Exhibition in China Celebrates British Art

The British Council announced an exhibition of British art from the last 30 years that will tour four cities in China (Chengdu, Xi’an, Hong Kong New Territories and Suzhou), at a time of increased interest in cultural relations between China and the UK.

“Made In Britain: Contemporary Art from the British Council Collection 1980 – 2010” has been created in partnership with the Sichuan Provincial Museum, Xi’an Art Museum, Hong Kong Heritage Museum and Suzhou Museum, to provide the first opportunity for audiences in four regional cities in China to see original art works by leading British contemporary artists. Selected by Chinese curators working closely with the British Council’s Visual Arts Department, the exhibition has been drawn from the rich reserves of the British Council’s Collection of over 8,500 works of 20th and 21st century British art.

Launching on 17 December 2010 at the Sichuan Provincial Museum in Chengdu (the capital of Sichuan Province) the exhibition features over 50 works by a wide range of artists, including Keith Arnatt, Helen Chadwick, Peter Doig, Gilbert & George, Damien Hirst, Sarah Lucas, Cornelia Parker and Mark Wallinger, to reflect the breadth and diversity of British art throughout the 30-year period 1980-2010.

“This exhibition defines the very nature and reach of the British Council’s Collection in taking works of art to far-flung parts of the world where, in most circumstances, borrowing works for such an arduous tour would be almost impossible,” explains Richard Riley, Head of Exhibitions at the British Council.

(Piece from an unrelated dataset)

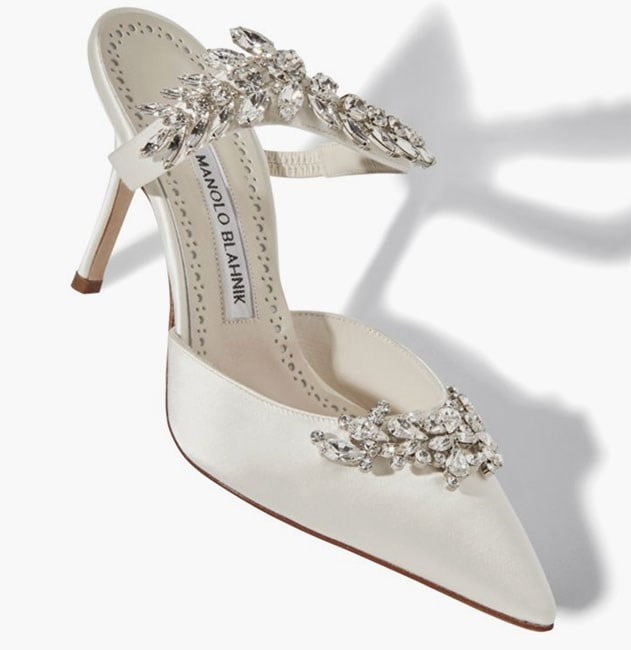 ويمكنكِ، أيضاً، خطف الأنظار بأسلوبكِ الكلاسيكي في حفل زفافكِ من خلال اختيار حذاء “Manolo Blahnik” الأكثر بريقاً وإبداعاً، إضافة إلى أن ارتفاعه مناسب لكافة الفتيات.

‘Made In Britain’ is one of a series of major British Council exhibitions organised specially for China in recent years. It follows the success of ‘The Future Demands Your Participation: Contemporary Art from the British Council Collection’, which opened at the Minsheng Art Museum, Shanghai, in February 2010 and builds on the success of the UK’s participation at Shanghai Expo which drew millions of visitors to the Expo Park during the six-month period May-October. This new exhibition also acts as a precursor to UK Now, a major UK arts festival which will take place across China in 2012.